SCOTUS long ago scuttled the idea that even private colleges were utterly independent of judicial oversight when in a court's opinion, said college in its policies was violating the civil rights of its students or potential students. This is why previously all-male colleges are no longer, and likewise with social clubs like the Rotarians. In addition, the current admin's "Dear Colleague" letter essentially stating that colleges must get with the admin's program or be left out of the federal student loan fold speaks volumes about what gov't can in fact do to influence college policies. Title IX is another example. Between those examples and previous ones that include laws regulating or meant to influence policies not only of public but private colleges, it's fair to say that while there is no Con'l guarantee of due process protection in a campus disciplinary hearing vis-a-vis the accused, there is the right to equal protection vis-a-vis the alleged victim, esp. if the alleged offense fits the stat. def'n of an actual crime. Legislation in process today seeks to cut that path off and channel the handling of reported sexual assault cases to campus-based hearings of some kind. Yet if the alleged victim was allegedly assaulted off-campus, then and only then she'd get police assistance and the resources of the state to help her bring her alleged assailant to justice? That doesn't add up.

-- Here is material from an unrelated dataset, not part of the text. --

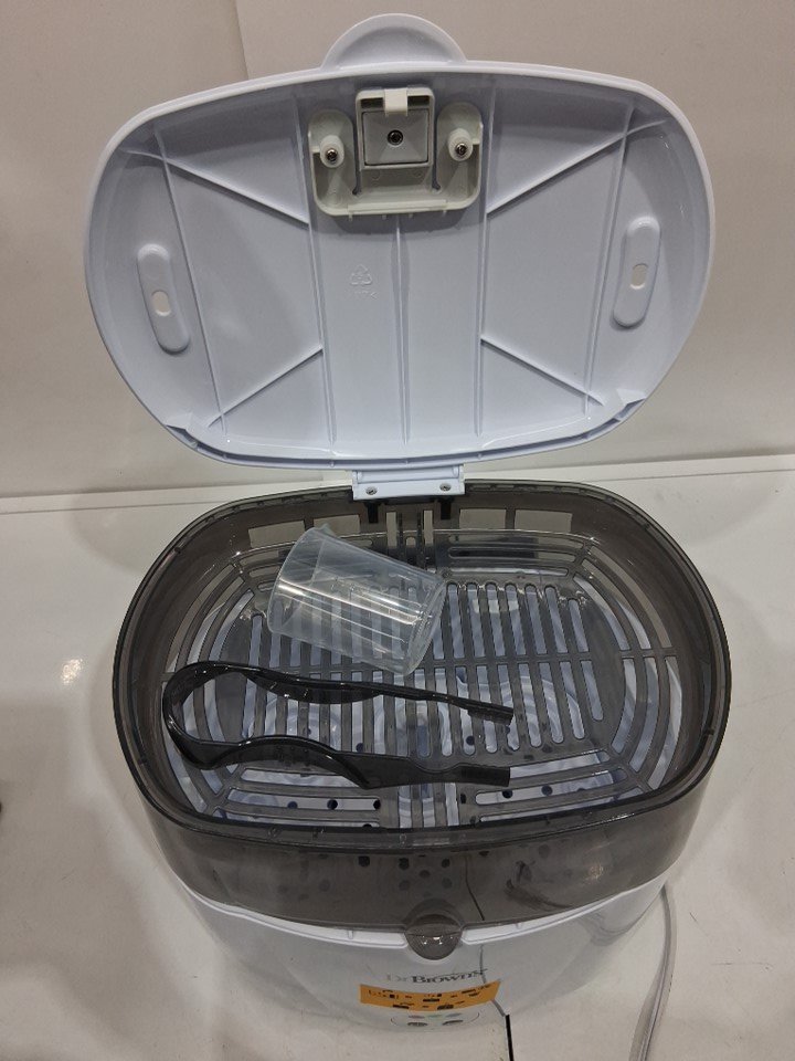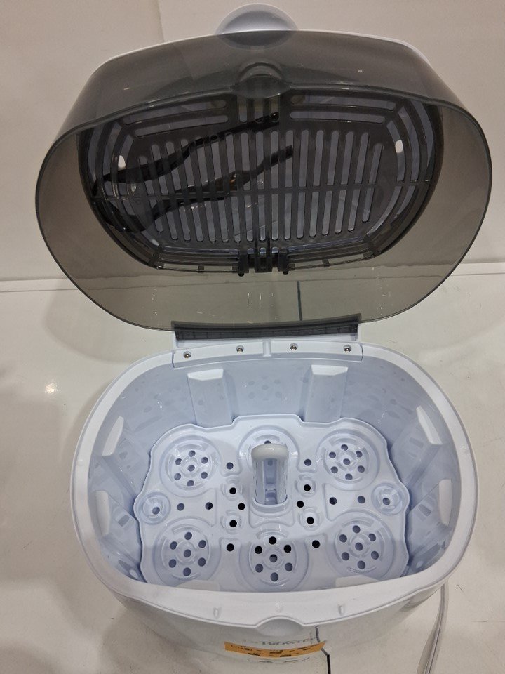 Item has mild sticker residue on surface of lid. Item tested for power.

As for the accused, the process represents a curbing of his de jure Title IX rights to equal access to educational opportunities. If he can be placed easily in danger of being expelled based on a complaint that isn't subject to questioning or investigation, then he is deprived of equal opportunity to education if such happens as compared to a student who when accused of a non-sex-related conduct code violation does have greater rights to challenge the accusation.

This whole thing's being argued from the wrong POV. If people'd stop obsessing over the Con'n and more just stick with laws already in place and unlikely to be challenged successfully, the argument against summary judgment of students accused of sex offenses'd hold a lot more water. As for the matter of alleged victims, there is a Con'l issue there, but one arising from equal protection.